● **TASK DESCRIPTION**: Output each line of the listing exactly, though pictures are not to appear.

RECORDED INFORMATION: Begin

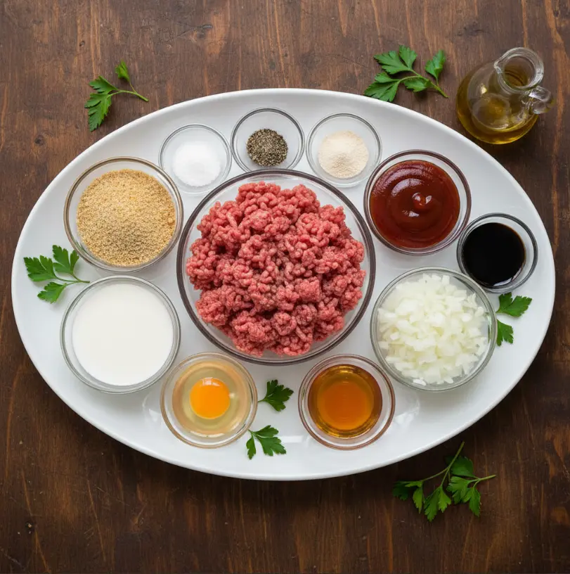 - In a bowl, gently mix ground beef, breadcrumbs, milk, egg, salt, pepper, onion, and garlic powder.
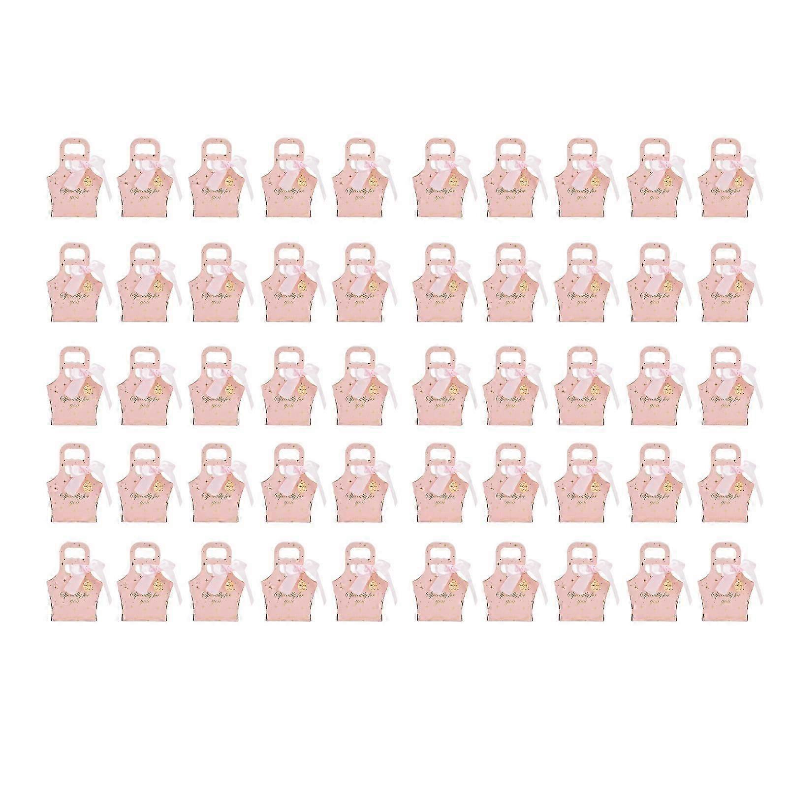 Set of 50 innovative paper candy bags with ribbons for Christmas, birthday, wedding parties, pink with light pink ribbon
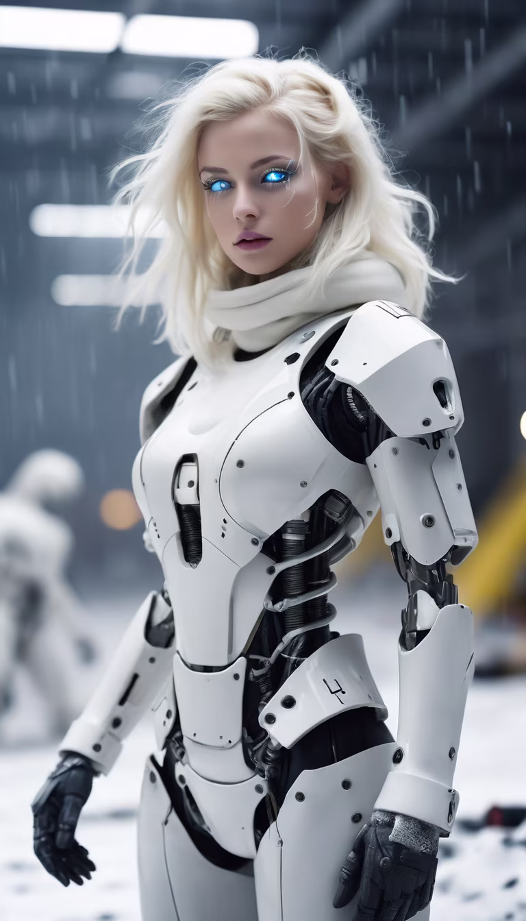 Prompt: wide angle, full view, a cyber goddess in a futuristic snowpunk cyborg suit, fully white exoskeleton cyber skin armour, beautiful face, big bright drop eyes, super fair super soft skin, babyface skin, starstruck, blonde super soft thin white hair. Scene: snowy desert, cold weather, inside an abandoned hangar bay with pale yellow light in the background, some snow from the hard wind blows, there are some other robot scavengers ((very blur)) doing some searching in the background, the hangar is so big it can hold few mega unite robots inside of it. Photography, light bloom effect, some white wash, solar lens flare, dust of particles, soft white shadow, HDRR, Unreal Engine render, anti-alias, masterpiece detailed quality

RECORDED INFORMATION: End

● **SOLUTION FOR THIS PROBLEM**:
 - In a bowl, gently mix ground beef, breadcrumbs, milk, egg, salt, pepper, onion, and garlic powder.
 Set of 50 innovative paper candy bags with ribbons for Christmas, birthday, wedding parties, pink with light pink ribbon
 Prompt: wide angle, full view, a cyber goddess in a futuristic snowpunk cyborg suit, fully white exoskeleton cyber skin armour, beautiful face, big bright drop eyes, super fair super soft skin, babyface skin, starstruck, blonde super soft thin white hair. Scene: snowy desert, cold weather, inside an abandoned hangar bay with pale yellow light in the background, some snow from the hard wind blows, there are some other robot scavengers ((very blur)) doing some searching in the background, the hangar is so big it can hold few mega unite robots inside of it. Photography, light bloom effect, some white wash, solar lens flare, dust of particles, soft white shadow, HDRR, Unreal Engine render, anti-alias, masterpiece detailed quality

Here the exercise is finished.